How many sides does your font have?

Also, the font in the antique store had two, stainless-steel basins under the lid. I had no idea why there might be two basins. The woman said she thinks it came from a Catholic church.


----------



## Edward (Feb 1, 2016)

The church I grew up in had an 8 sided marble font (two piece - pedestal and font) extremely heavy and difficult to move. 

My current church uses a silver bowl on a tall wooden table about 2x2. When the table isn't being used for baptisms, it is available for flowers or to stack bulletins near a rear door.


----------



## NaphtaliPress (Feb 1, 2016)

We shouldn't make up symbolism on our own and add it to the ordinances of God. To insist on this or that form of a basin from which to administer the ordinance is the proper one without God's prescription is will worship.


----------



## Cymro (Feb 1, 2016)

It really does not matter how many sided the font is, when you think of the orginal practice and its meaning. One can make up stories to suit any form of structure,ie, three sided for the Trinitarian names that are used, or twelve for the Apostles, seven for the hebdomadal cycle,etc etc. A plain bowl with the water, administered without the form of a cross upon the head, and covenant persuasion is all that is needed.


----------



## Backwoods Presbyterian (Feb 1, 2016)

Our baptismal thingy is a wooden podium with a silver bowl on it. I fill up the bowl and pour it out.


----------



## Jack K (Feb 1, 2016)

In the last Presbyterian church I was in, it was a round bowl that usually got set on a table, though not always. So I guess it had no sides; it was round.

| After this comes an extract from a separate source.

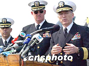 美國(guó)太平洋第七艦隊(duì)?wèi)?zhàn)斗群司令凱利(右一)在“小鷹”號(hào)航空母艦舉行的歡迎儀式上,向媒體介紹該有關(guān)情況及回答記者問(wèn)。作者:錢興強(qiáng)

But this isn't something to fret over. The 8-sided symbolism you mention may sound like a nice thought, but there's no biblical mandate for it and no one should feel it's the rule. If we were to look for a biblical pattern, we might just as easily declare that a font should be round (like the basin at the Temple - 10 cubits diameter, please) or maybe two-sided and flowing (like the Jordan River, so we can all be baptized like Jesus). Do you see that it gets silly pretty quickly? The simple fact is that we are not given such instructions regarding baptismal fonts, so pick whatever shape you like and don't worry about meaning it was never meant to have.


----------



## Edward (Feb 1, 2016)

If one or two families want the change, maybe they could pick, purchase, and donate the font. If no one else likes it, it can be kept in a closet and brought out when there is a baptism.


----------



## Stephen L Smith (Feb 2, 2016)

Jack K said:


> flowing (like the Jordan River, so we can all be baptized like Jesus


That's right. By immersion. It solves the 'font' problem totally.

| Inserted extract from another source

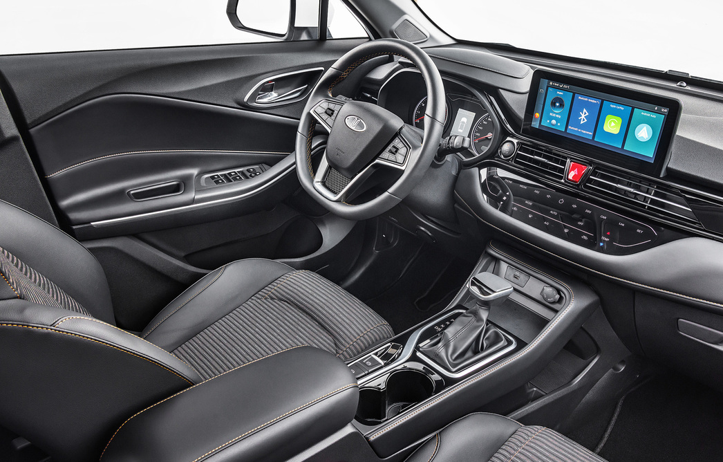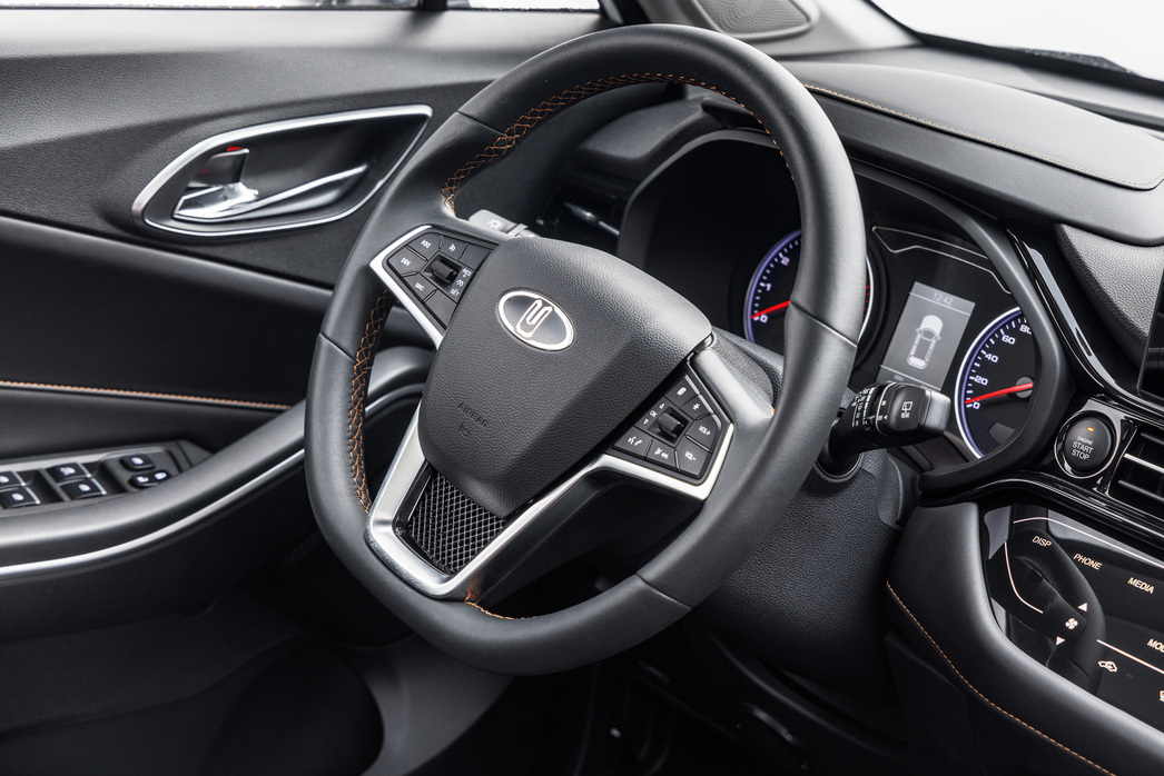 Среди прочих прелестей бытия стоит отметить функцию открывания-закрывания водительского окошка одним касанием, климатическую установку, круиз-контроль, камеру заднего вида, парктроники и возможность запуска двигателя клавишей. Есть также датчики температуры и давления в шинах, причем установленные отдельно в каждом из колес. В салоне с комбинированной отделкой полно отсеков и ниш для всякой всячины, включая дверные карманы, готовые вместить «полторашку» санкционной «Колы». Вот только ручки этих самых дверей не предусмотрены для полноценного хвата — закрывать их придется пальцами.

You can tell by my laugh it was all tongue in cheek


----------



## Cymro (Feb 2, 2016)

Though we have a river running through our town Stephen, "the Doctor"when baptising my wife as a baby, sprinkled her head from a bowl. Not to be confusing,my wife was the baby not the Doctor.


----------



## Parakaleo (Feb 2, 2016)

Maybe I should have asked, "How many sides on your font... and how much does it really matter?"

I know that the font doesn't need any, specific number of sides for baptism to be effectual. Is it wrong, therefore, to attach any level of meaning or significance to various circumstances of our worship? I heard of a church that once attempted serving a white wine for the Lord's Supper, saying it is still the fruit of the vine. Everyone hated it, of course, because it was the _wrong color_. Was that a fleshly response? I am asking honestly.

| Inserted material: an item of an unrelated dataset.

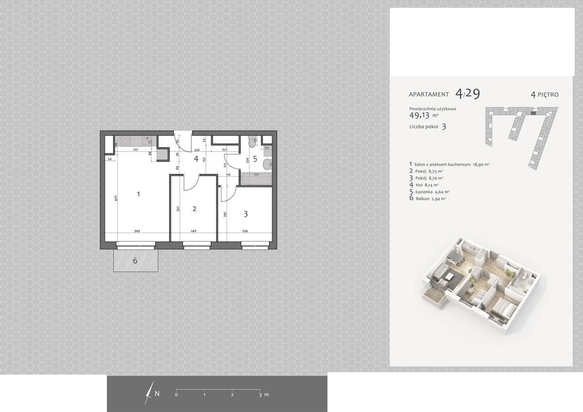 Mieszkanie: 3 pokoje 49.13m²

Looking forward to the discussion.


----------



## Jack K (Feb 2, 2016)

Very sorry if I sounded flippant; it is an interesting question.

I honestly think it doesn't matter much. The "eighth-day creation" theme you bring up isn't centrally tied to baptism the way blood is to the cup at the supper, so neglecting the eight-sided theme doesn't seem like a problem to me. Perhaps if folks in your congregation were attaching undue significance to an eight-sided font this would be a reason to avoid one, but I'm guessing that's not happening either in your ARP church. So I think you're free to choose a traditional look if you want, or not to. In this case, your _attitude_ toward the traditional look is probably more important than whether or not you choose that look.


----------



## Stephen L Smith (Feb 2, 2016)

Cymro said:


> Though we have a river running through our town Stephen, "the Doctor"when baptising my wife as a baby, sprinkled her head from a bowl. Not to be confusing,my wife was the baby not the Doctor.


Hi Jeff, I assume you mean Dr Lloyd-Jones and his ministry at Sanfields. That is interesting history. So your wife grew up under the early ministry of the good doctor.


----------



## Romans922 (Feb 2, 2016)

God doesn't require a 'font' therefore our congregation uses a cup out of circumstance made of silver (or silver plating). As Benjamin stated above we fill it, we pour it on the head. Water gets on the floor. Everyone rejoiced.


----------



## Backwoods Presbyterian (Feb 2, 2016)

I put a puppy pad down on the floor to catch the water.


----------



## Romans922 (Feb 2, 2016)

Backwoods Presbyterian said:


> I put a puppy pad down on the floor to catch the water.



The deacons clean up. If they desired a puppy pad, then they are free to put it down.


----------